Sous ses dehors de plateforme ouverte et innovante, Spotify est devenu le symbole d’un système en crise. Derrière les milliards de streams et les promesses de démocratisation, la réalité est celle d’une économie déséquilibrée, d’un pouvoir éditorial concentré et d’une logique algorithmique qui étouffe la création.
Une économie verrouillée
En 2024, Spotify annonce avoir versé plus de 9 milliards d’euros de royalties, dont 5 milliards aux artistes indépendants. Mais derrière ces chiffres spectaculaires, une autre réalité s’impose, moins de 1 % des artistes présents sur la plateforme perçoivent une rémunération significative. La majorité, même avec des dizaines de milliers d’écoutes, ne touche que quelques dizaines d’euros par an. Un problème structurel lié à une système qui repose sur un modèle de rémunération au prorata. Cela signifie que les revenus sont redistribués en fonction de la part d’écoutes globales. En clair, l’argent versé par un abonné ne va pas aux artistes qu’il écoute mais à ceux qui sont les plus écoutés à l’échelle mondiale. Résultat : seuls les plus visibles s’enrichissent et ils ont souvent le même profil, signés dans des majors et très présents dans les playlists mises en avant par Spotify.
Autre dérive majeure, la prolifération des ghost artists. Spotify inonde ses playlists de morceaux publiés sous pseudonymes, sans identité artistique identifiable, dans l’unique but de réduire les coûts. En effet, ces titres, souvent instrumentaux, sont insérés dans les playlists d’ambiance les plus écoutées, piano, chill, lo-fi, afin de générer des millions de streams qui seront rémunérés en interne.
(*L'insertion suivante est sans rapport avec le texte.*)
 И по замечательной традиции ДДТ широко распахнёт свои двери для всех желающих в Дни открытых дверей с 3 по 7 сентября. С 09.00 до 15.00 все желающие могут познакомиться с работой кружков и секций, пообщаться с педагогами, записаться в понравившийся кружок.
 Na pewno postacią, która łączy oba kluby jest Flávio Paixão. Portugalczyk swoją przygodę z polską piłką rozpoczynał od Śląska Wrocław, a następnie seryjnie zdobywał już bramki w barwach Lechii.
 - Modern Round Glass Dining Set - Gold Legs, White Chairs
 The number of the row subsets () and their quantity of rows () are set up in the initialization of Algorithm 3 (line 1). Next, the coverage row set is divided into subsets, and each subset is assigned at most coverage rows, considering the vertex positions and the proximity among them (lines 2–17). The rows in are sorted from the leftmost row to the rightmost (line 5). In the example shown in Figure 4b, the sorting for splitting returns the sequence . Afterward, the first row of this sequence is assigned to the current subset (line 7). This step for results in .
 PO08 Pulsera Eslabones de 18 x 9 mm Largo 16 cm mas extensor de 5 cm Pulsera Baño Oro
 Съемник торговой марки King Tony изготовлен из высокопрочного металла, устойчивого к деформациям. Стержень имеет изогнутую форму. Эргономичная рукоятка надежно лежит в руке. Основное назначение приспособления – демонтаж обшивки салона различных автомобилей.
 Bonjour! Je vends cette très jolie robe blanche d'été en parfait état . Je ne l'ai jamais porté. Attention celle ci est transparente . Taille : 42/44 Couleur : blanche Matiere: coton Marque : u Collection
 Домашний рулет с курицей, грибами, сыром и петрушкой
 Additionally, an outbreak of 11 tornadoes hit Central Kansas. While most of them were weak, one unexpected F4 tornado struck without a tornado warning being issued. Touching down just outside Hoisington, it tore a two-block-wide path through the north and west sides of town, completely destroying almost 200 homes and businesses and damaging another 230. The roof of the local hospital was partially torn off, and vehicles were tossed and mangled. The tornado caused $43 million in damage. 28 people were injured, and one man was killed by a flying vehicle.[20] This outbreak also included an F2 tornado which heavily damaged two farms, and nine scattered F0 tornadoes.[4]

Une enquête de Music Business Worldwide a révélé qu’un seul compositeur suédois, surnommé “Karl” serait à lui seul derrière plus de 650 faux artistes. À son actif plus de 15 milliards d’écoutes. Des morceaux sans voix, sans aspérités, calibrés pour les algorithmes… et donc parfaitement rentables, invisibles, indiscutables.
Depuis deux ans une nouvelle vague déferle, celle des morceaux générés par IA. Courts, stéréotypés, optimisés pour les playlists. Ils sont produits en série, diffusés sous des noms fictifs et prennent peu à peu la place des œuvres humaines. Mais parfois le système se retourne contre lui-même, comme en mars 2024 lorsqu’une affaire judiciaire aux États-Unis a révélé que des réseaux criminels avaient utilisé de la musique générée par IA pour détourner plus de 10 millions de dollars via des faux streams. La mécanique était simple, exploiter les failles d’un système conçu pour maximiser l’écoute à l’image de ce que Spotify a lui-même mis en place.
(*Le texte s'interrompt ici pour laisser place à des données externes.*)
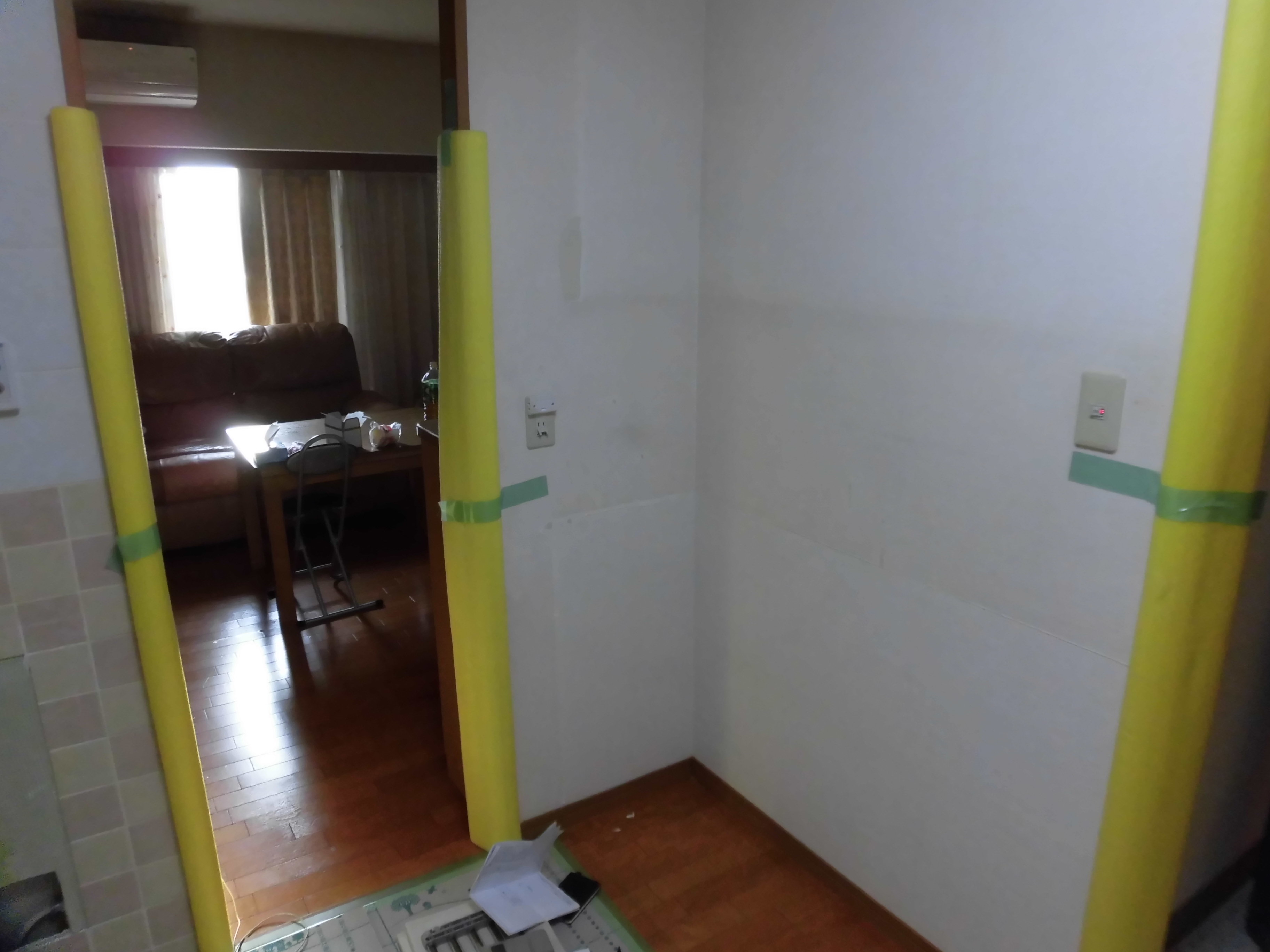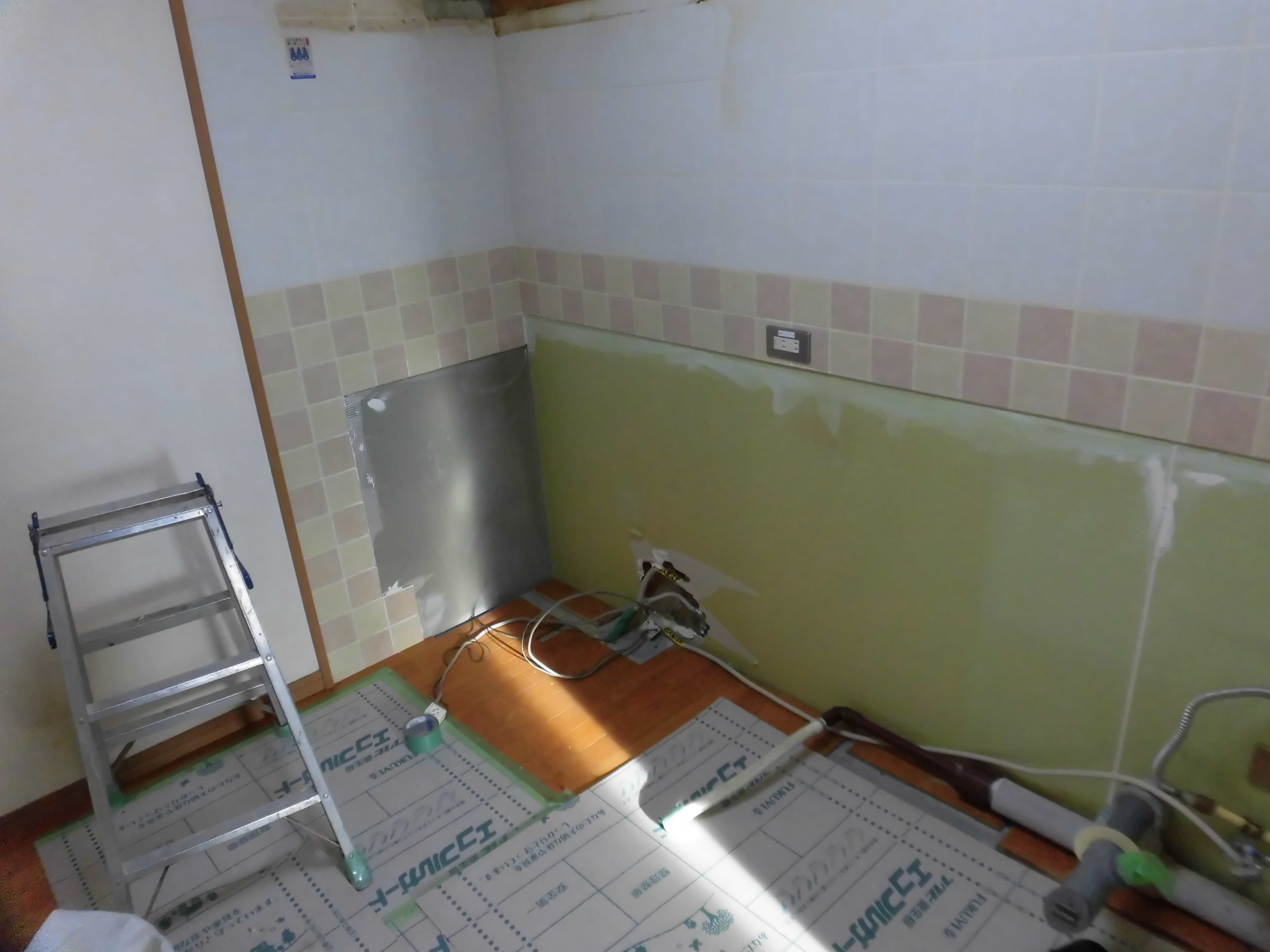 そして次に、壁と天井のクロス、脱衣場床のクッションフロア貼りです。

Spotify concentre aujourd’hui l’essentiel du pouvoir éditorial du streaming. Jusqu’à 70 % des écoutes passent par des playlists contrôlées par la plateforme mais les critères de sélection restent flous, les artistes ignorent pourquoi ils sont choisis ou écartés. Dans le même temps, Spotify renforce ses accords exclusifs avec des majors comme Universal, intégrant leurs catalogues dans des offres groupées bundles sans garantie d’équité. Ce double mouvement, concentration éditoriale et fermeture algorithmique, marginalise encore davantage les artistes indépendants.
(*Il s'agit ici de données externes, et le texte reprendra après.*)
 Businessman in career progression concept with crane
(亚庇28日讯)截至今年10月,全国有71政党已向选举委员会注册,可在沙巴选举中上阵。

Ce modèle économique et technique façonne désormais l’esthétique elle-même. Des morceaux plus courts, plus formatés, plus prévisibles. Les artistes sont incités à produire pour l’algorithme, pas pour un public. L’expérimentation devient un risque, l’innovation un handicap. Spotify est un supermarché de l’écoute, un espace de flux standardisés. À cette mécanique s’ajoute un début de crise politique. En février 2025, une enquête a révélé que Spotify aurait indirectement contribué au financement d’une organisation liée à l’inauguration de Donald Trump. Entre les valeurs affichées et les pratiques réelles, l’écart ne cesse de se creuser. La plateforme multiplie les messages sur la transparence et la valorisation des artistes mais dans les faits, elle masque un système de plus en plus fermé, automatisé et orienté vers ses seuls intérêts économiques. Un système que contestent désormais les artistes, les syndicats du secteur musical… et une partie croissante du public.
Ce que Spotify incarne dépasse la question de la rémunération, c’est un basculement culturel. La musique devient donnée, l’artiste devient métrique, l’émotion devient un fond sonore optimisé. Un système où l’algorithme décide, où l’imprévu disparaît, où la création s’efface derrière le rendement. Il est encore temps de renverser la tendance, de repenser la rémunération, garantir la transparence, réouvrir l’accès à la visibilité et surtout, affirmer que la musique n’est pas un produit.
Une révolution à portée d’oreille, il suffit d’écouter autrement, de choisir consciemment les artistes que l’on soutient, de privilégier les playlists pensées par des diggers passionnés plutôt que celles dictées par les algorithmes, redonner du sens à l’écoute.